I have just recently started reading the basics of topological groups and Haar measures, and have become really curious about when the boundary of a non-empty open subset $U$ of a compact abelian group $G$, has zero Haar measure. Here and in the following, by "Haar measure", I will mean the normalized Haar measure of a compact abelian group.
After some searching, I found these posts (When does the boundary have measure zero? and Conditions that ensure that the boundary of an open set has measure zero) which give very general sufficient conditions for subsets of $\mathbb R^n$ to have boundaries of Lebesgue measure zero, however I couldn't find any analogues for Haar measures.
I would like to restrict $G$ to the $n$-torus $\mathbb T^n$, so here's my
Semi-general question: Consider the $n$-torus $\mathbb T^n = \mathbb R^n/\mathbb Z^n$ which is a topological group, and a closed subgroup $H$ (which can be assumed to be connected if necessary). Consider the Haar measure $\mu_H$ on $H$ and an open set $U \subset \mathbb T^n$. What minimal additional conditions on $U$ might we need (if any) for the $H$-Haar measure of the boundary $\partial(U \cap H)$ of the open subset $U \cap H \subset H$ to be zero, that is to have $\mu_H(\partial (U \cap H)) = 0$?
If $H$ were $\mathbb T^n$ itself, then we know that $\mu_H$ is simply the $n$-dimensional Lebesgue measure and the question reduces to one already answered in the linked posts. If $H$ were an open subgroup, then (if I understand correctly) the Haar measure of $\mathbb T^n$ would also restrict to the normalized Haar measure of $H$, so that $\mu_H$ would just be the restriction of the $n$-dimensional Lebesgue measure, and once again the question is answered. But of course, $\mathbb T^n$ being connected has no non-empty proper open subgroups, so the last statement doesn't really add anything in my context. So what about the general setting, namely when $H$ is a proper non-empty closed subgroup (again, assumed connected if necessary)?

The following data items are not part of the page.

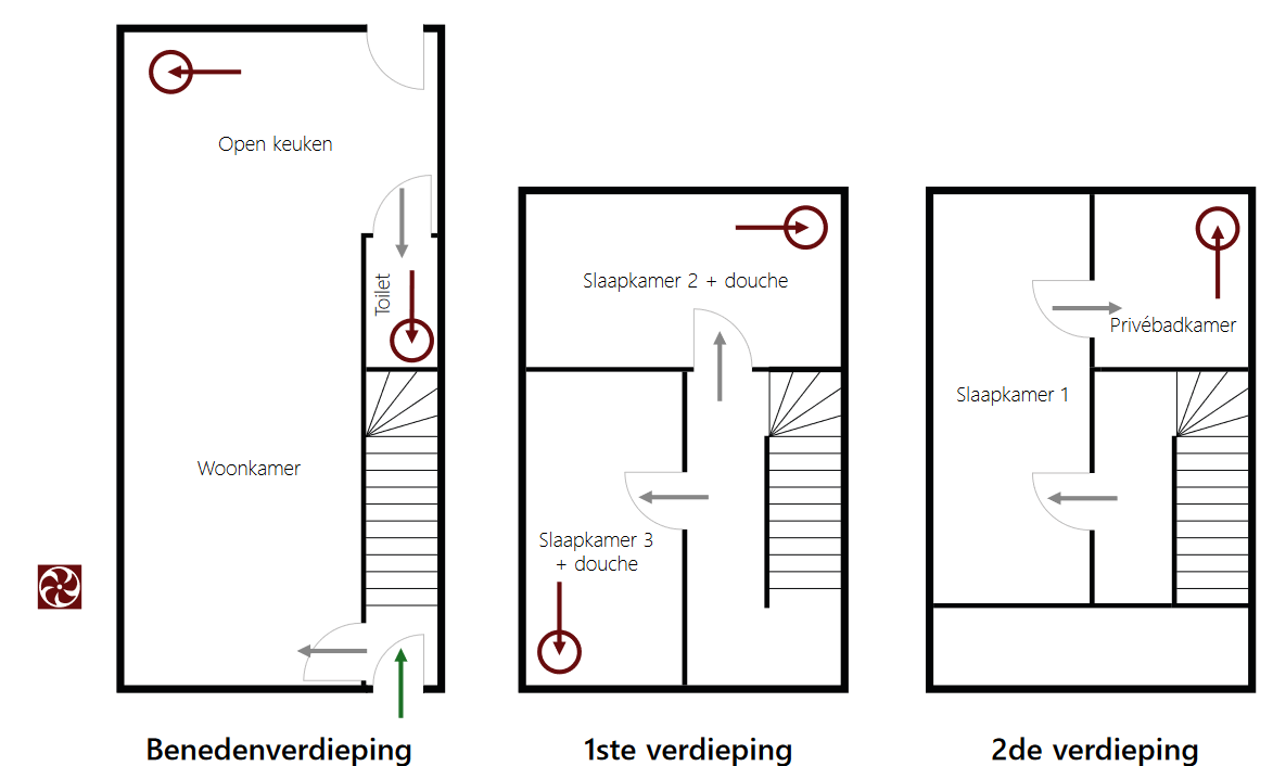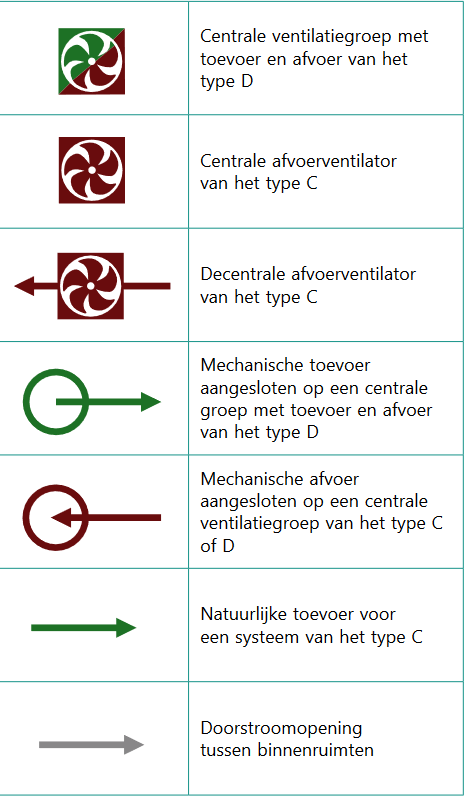 • mechanische afvoer in de open keuken en in de andere natte ruimten (bv. badkamers en toiletten).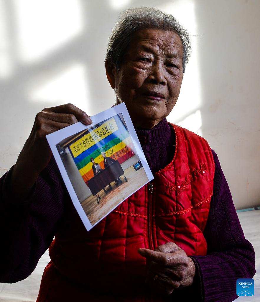 This file photo taken on Dec. 3, 2015 shows Ai Yiying, a Nanjing Massacre survivor, displaying a photo taken when she attended a testimony meeting in Japan in December 2014, at home in Nanjing, east China's Jiangsu Province. (Xinhua/Ji Chunpeng)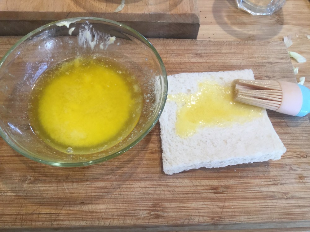 - パンの皮を取り除き、バターを溶け、パンの両側に溶かしバターを塗る。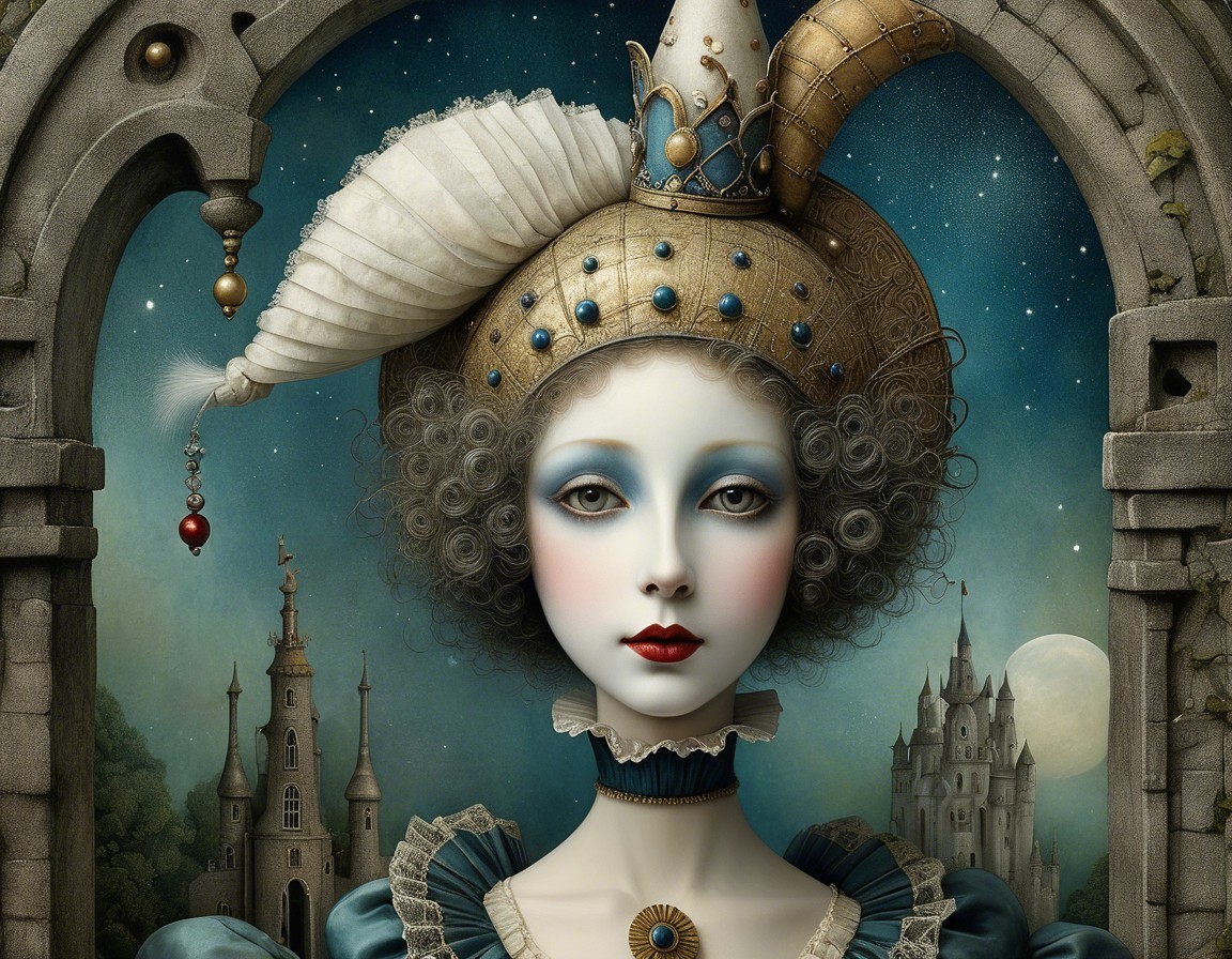 A dreamy, surreal portrait features a pale-skinned figure with dramatic makeup and an elaborate hairstyle, adorned with skull details, set against a whimsical castle backdrop.

If nothing can be said in the above setting (even with some minimal additional conditions), the specific $H$ and $U$ I would like to know about are the following: consider any real numbers $a_1, \cdots, a_n$ and any complex numbers $c_1, \cdots, c_n$. My $H$ is the closure of the subgroup $\{(e^{2 \pi i a_1 t}, \cdots, e^{2 \pi i a_n t}): t \in \mathbb R\} \subset \mathbb T^n$, and $U \subset \mathbb T^n$ is the set of all $(z_1, \cdots, z_n) \in \mathbb T^n$, for which the complex number $c_1z_1 + \cdots + c_n z_n$ has strictly positive real part. Can we say in this case that $\partial(U \cap H)$ has $H$-Haar measure zero?
Note 1: I do not know if this will be relevant, but in the above example, $U$ can be written as the intersection of $\mathbb T^n$ with the set $V := \{(z_1, \cdots, z_n) \in \mathbb C^n: \Re \sum_{j=1}^n c_j z_j > 0\} \subset \mathbb C^n$, so that $U \cap H = V \cap H$. Here, $V$ is both open and convex in $\mathbb C^n$, hence its boundary has zero Lebesgue measure.
Note 2: It might seem that the role of $U$ in my semi-general question is kind of superficial since we are really working with the open subset $U \cap H$ of $H$, but it is in line with my last example.